My liver is fine and I am not getting any trouble with it at all, I have started a new job in a great organisation that really values it's employees and pays well - it is still in the same field, but there are a huge number of opportunities to move into different areas etc. It is nice to have money coming in again, so I am in a position where I can rebuild my savings and do the things that I want to do.

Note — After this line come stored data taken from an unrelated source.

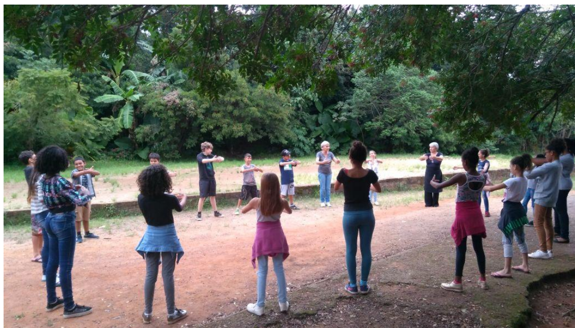
Foto da equipe da escola.
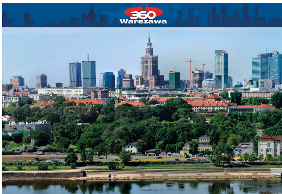
Rys. 1. Fragment panoramy Warszawy – Pałac Nauki i Kultury otoczony punktowcami
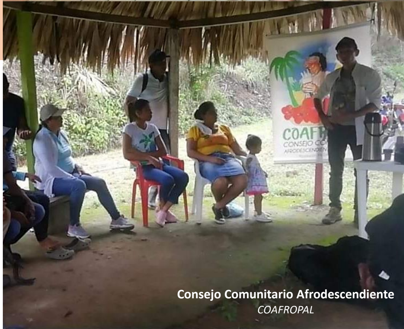
Consejo Comunitario Afrodescendiente COAFROPAL
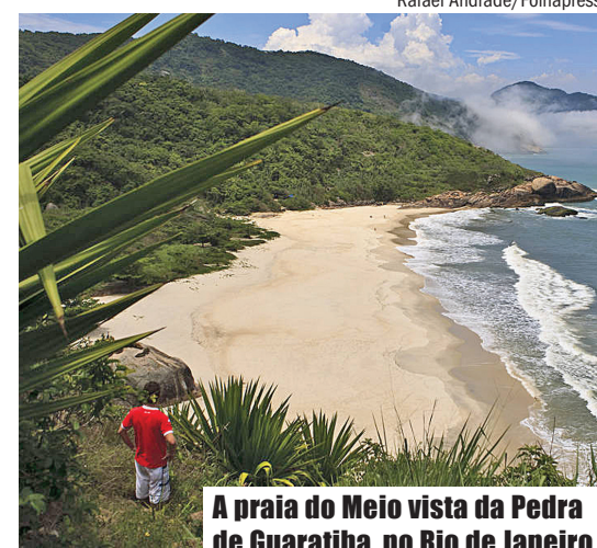
A praia do Meio vista da Pedra de Guaratiba, no Rio de Janeiro
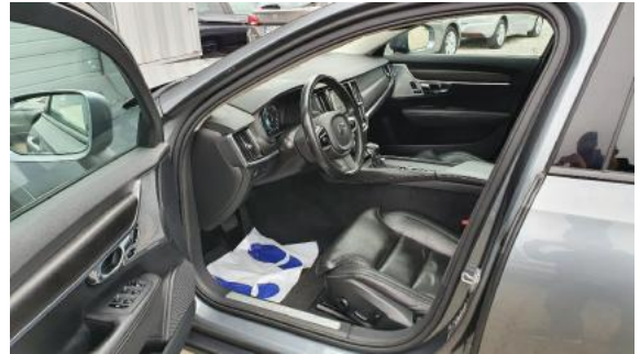
Fot. 10 Widok przez lewe przednie drzwi
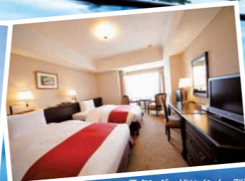
スタンダードツイン(一例)
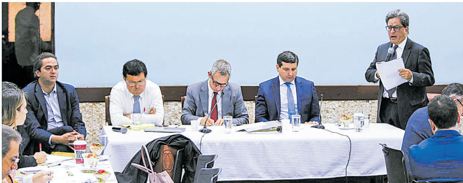
En cabeza del ministro de Hacienda, Alberto Carrasquilla, (der.) hoy continuarán las reuniones para afinar la ponencia con los parlamentarios.

La reforma tributaria tendría por los menos 12 cambios, según acordaron ayer el Minhacienda y los ponentes del proyecto. Habría otro año de amnistía fiscal y se revisaría el Impoconsumo para los inmuebles de más de $918 millones. Pág.8
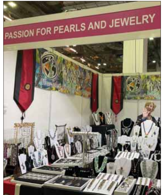
ஹவுஸ் ஆஃப் ஃப்ரெண்ட்ஷிப்-ல் ஒரு நகைக்கடை.
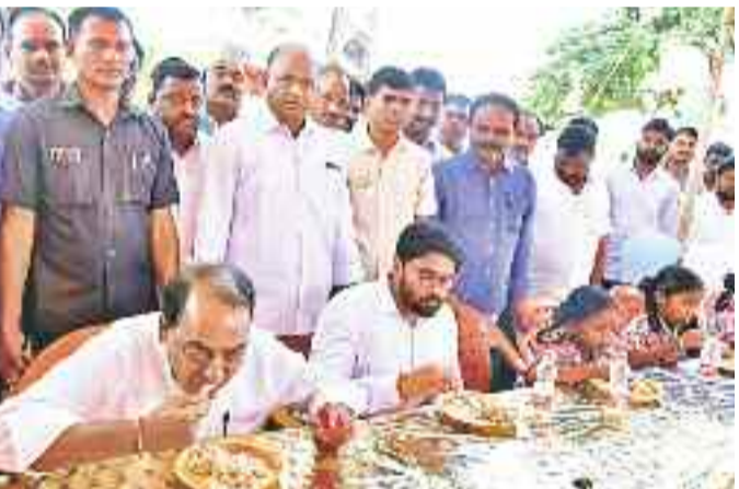
నిర్మల్ జిల్లా సోన్ లోని ప్రాథమిక పాఠశాలలో అల్పహారం పథకాన్ని ప్రారంభించి దుబిమాస్తున్న మంత్రి ఇంద్రకణ్ణి రెడ్డి, కలెక్టర్ పరుణ్ రెడ్డి
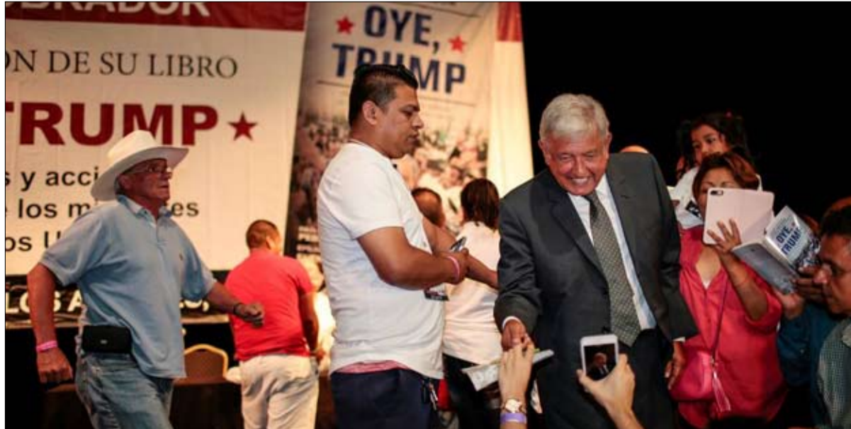
اندريس مانويل لوبيز أوبرادور الاوفر حظا في المكسيك

حسم المباراة لا يزال بعيدا قبل ستة أشهر من الانتخابات، ولكن العمدة السابق لمكسيكو سيتي اندريس مانويل لوبيز أوبرادور المعروف باسم "أملو"، والرئيس البرازيلي السابق يتصدران استطلاعات الرأي. إمكانية انتصار أملو في محاولته الثالثة أو العودة إلى السلطة بالنسبة للولا، رغم إدانته بالسجن تسعة سنوات ونصف بتهمة الفساد، توضح قوة الحركة المناهضة للاستبداد التي تخترق معظم القارة جراء الفساد والعنف والشعور العام بالإحباط بين السكان الذي يغذي رفض الطبقة السياسية التقليدية. البرازيل والمكسيك هما إلى حد بعيد أكبر اقتصادين في المنطقة، إلا أن ما يقارب ثلثي الناخبين في أمريكا اللاتينية سيدعون إلى صناديق الاقتراع بنهاية العام المقبل. ومن المنتظر إجراء ما يقرب العشر انتخابات في المنطقة خلال الاثني عشر شهرا المقبلة في أعقاب الانتخابات الرئاسية التي جرت في شيلي الأحد الماضي، والانتخابات البرلمانية التي جرت في أكتوبر في
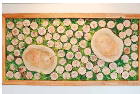
在学生・教職員によるアートワーク
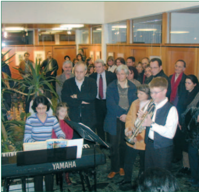
Ausstellungseröffnung im Rathaus

Mehrmals jährlich finden im Rathaus Ausstellungen von Malern, Fotografen oder Hobbykünstlern statt.
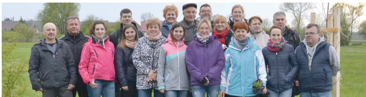
Nowe drzewa posadzono we Włostowie
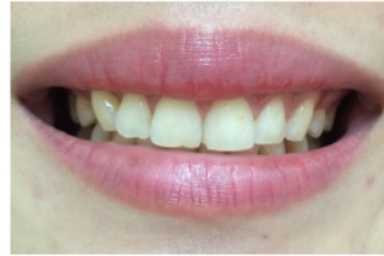
2 bulan pasca operasi
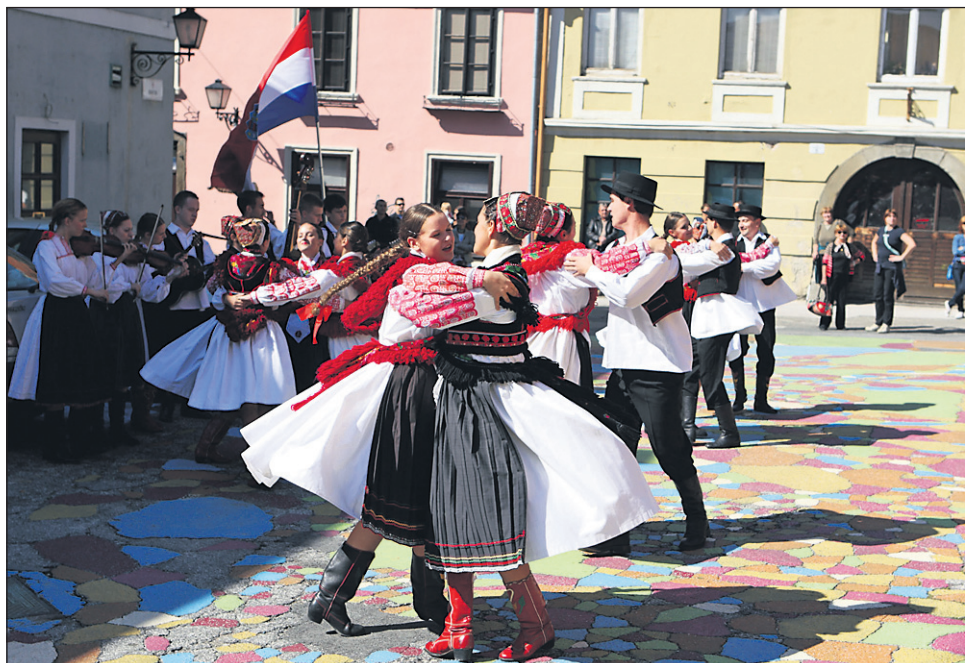
Folkloristi iz Slovenije in tujine so popestrili mestne ulice

Over the Easter break I visited the guy who had decided that he couldn't talk to me anymore, and we actually managed to sit down and have a conversation. It was a Huge step, but it has also caused a lot of emotion to come back into my life. I have realised, that even though I still care about and also love him in someway, he is not the person for me. He seems to be programmed to self destruction in someways, yet does seem to want to stop this behaviour. At the end of last year I was involved with someone for a short time, who really reset the bench mark and changed how I think about relationships and what I want. I've not met someone who I respected in every way so quickly or that thought in a similar way about things, although having different interests. Unfortunately he ended things, despite the fact that things were going extremely well, and couldn't tell me why. I bumped into him recently and he is going to live in the UK for a couple of years, which made me wonder if that played a part in what happend. We haven't really seen each other, apart from bumping into each other in the street every once in a while (It would seem that Fate has decided that we need to bump into one another despite that fact that Sydney has 3 million people), yet I have the overwhelming feeling that there is more to happen in this story. I realise you can't put your life on hold and that is probably 100% likely that nothing more will occur, yet this feeling just will not go away.

I'm going to be single for a while and see how I feel and what happens. Now that the bench mark has been set for how I want to feel in a relationship I think it will be very hard to met the right person. I guess I'm still wondering what next, or whether I expect too much from people.